Peripheral neuropathy was, again, the most common adverse event (21.5 %), though less frequent than in the pivotal phase II study.14 The recently published Turkish experience reported similar results in a group of 58 patients having HL (median age 26) who received a median number of seven cycles of BV. Forty-nine patients had failed a prior SCT (39 ASCT and 10 allo-SCT). ORR was 63 %, with 26 % CR in the early evaluation; on treatment prolongation, the ORR was 32 %, with 22 % CR. OS at 12 months was 71 %, with a median PFS of 7 months. Fourteen patients were subsequently transplanted, but only 36 % were in CR before the transplant. BV was well tolerated, with the most common side effects fatigue (50 %) and neuropathy (31 %).15

Finally, the Asian experience16 includes 22 patients (median age 30) who had previously received a median number of three prior treatments. More than 50 % of them were primary refractory, and almost 80 % of them had failed a prior ASCT. ORR was 72.7 %, with a CR rate of 18.2 % (assessment by PET-CT every one or two cycles); median PFS was 5.7 months. The most common side effect event was neutropenia.

The published results of the NPPs indicate that in real life, efficacy and toxicity are similar to what had already been published in prospective clinical trials. As expected, disease responses are very quick, and a substantial proportion of patients was later on consolidated with a SCT procedure, generally an allo-SCT.

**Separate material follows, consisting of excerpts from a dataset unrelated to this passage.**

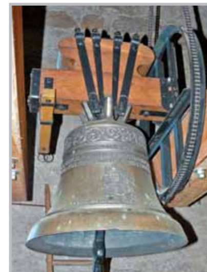
Takto „pěkně“ vypadá elektrický stroj v památné zvonici.

o tom, jak se chovat. Výsledek se dostavil. Když zvoníci skončili a zvony ještě doznívaly, ihned se rozpovídala o svých dojmech. Nejstarší a hlavní zvoník se rozčílil a pronesl větu: „Kdo nemá v sobě tolik slušnosti, aby v tichosti poslouchal modlitbu zvonů do konce, a začne do ní kecat, nemá tady co dělat! Odejděte!“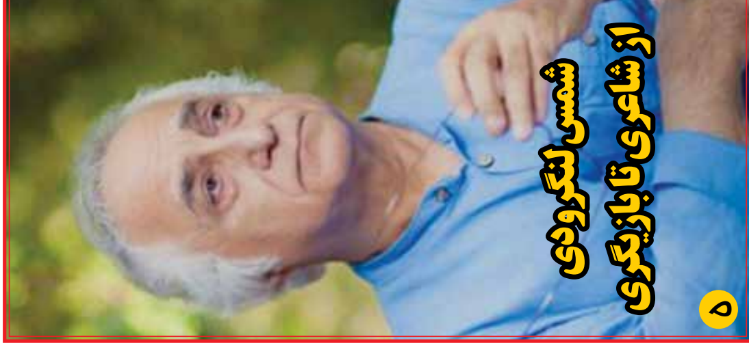
از شاعری تا بازیگری شمس لنگرودی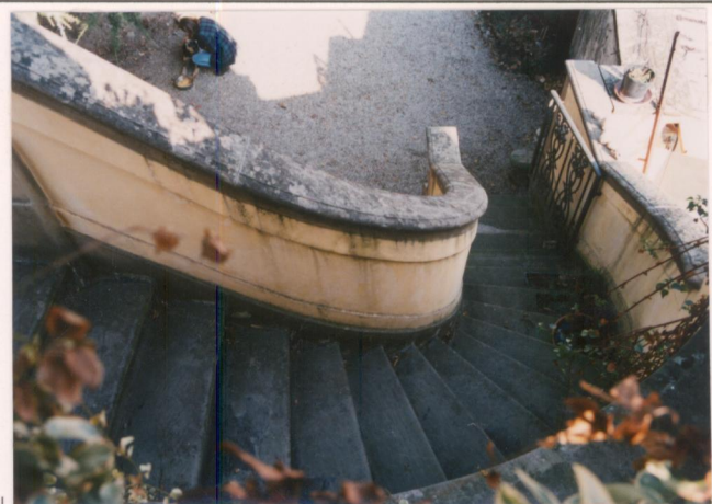
p.v. N. 14. Le scale di accesso

The Role of Stem Cell Transplantation in the Era of Brentuximab Vedotin
ASCT is the standard of care for patients with relapse chemosensitive disease. Not all patients perform equally after an ASCT; several welldescribed clinical factors are associated with a poorer long-term outcome after transplant. More recently, the achievement of a PET negative CR status has been associated with a significantly better outcome after ASCT, independent of the number of treatment lines needed to reach this situation.17 The major clinical concern allo-SCT faces nowadays is not non-relapse mortality (NRM), but rather the high relapse rate that patients experience after the allogeneic procedure. The introduction of BV in these two clinical settings has allowed to significantly modify this landscape.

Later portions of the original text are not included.